The story of our lives, Members, for example, is a receptor of all people during lunch, from all walks of life, why? Maybe because it is affordable and their food; mostly traditional delicacies, are over the top. So now the other week we were treated to a ‘spectacle’ as our very able deputy of state and our governor satisfied their hunger in some Kuku joint. These guys are in their hometown, they can eat anywhere, they’ve probably eaten there before when no one knew their names.
Why is it such a big deal now? Maybe because they are now prominent people and they might as well have eaten at any five star, but they chose mama’s humble abode? Fair enough, that’s an argument in itself, so right maybe it is humility. Just maybe.
However, that said; Prominent people are just people like you and me, people who just happen to be appointed our leaders or those individuals who have done something notable and have then rose to fame. These people are celebrities of sorts; their lives are different than ours. But Humility is not a one-day thing, humility will be seen without much effort, and humility cannot be defined by just a single act that is blown out of proportion, no, Humility is a virtue that departs NOT a person despite their social status and prominence.
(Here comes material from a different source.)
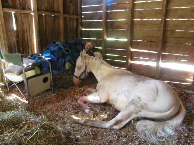 Девушка всю ночь не отходила от своей лошади, когда та плохо себя чувствовала.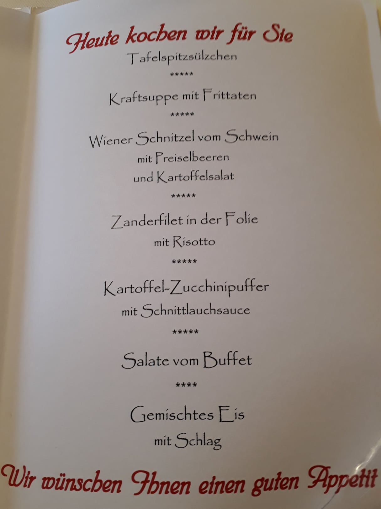 tägliche speisekarte

I’m not saying that the act of eating at that ‘kibanda’ was not humility, it was, by all means but let’s not be so blinded by the image someone else crafts for us to see. Let us judge a person basing on many other interactions and situations.
The way you treat people at the moment, the way you handle different situations as at now is what will earn you the ‘throne of kings/queens’ in someone’s heart.
Be humble always not just when the cameras are rolling.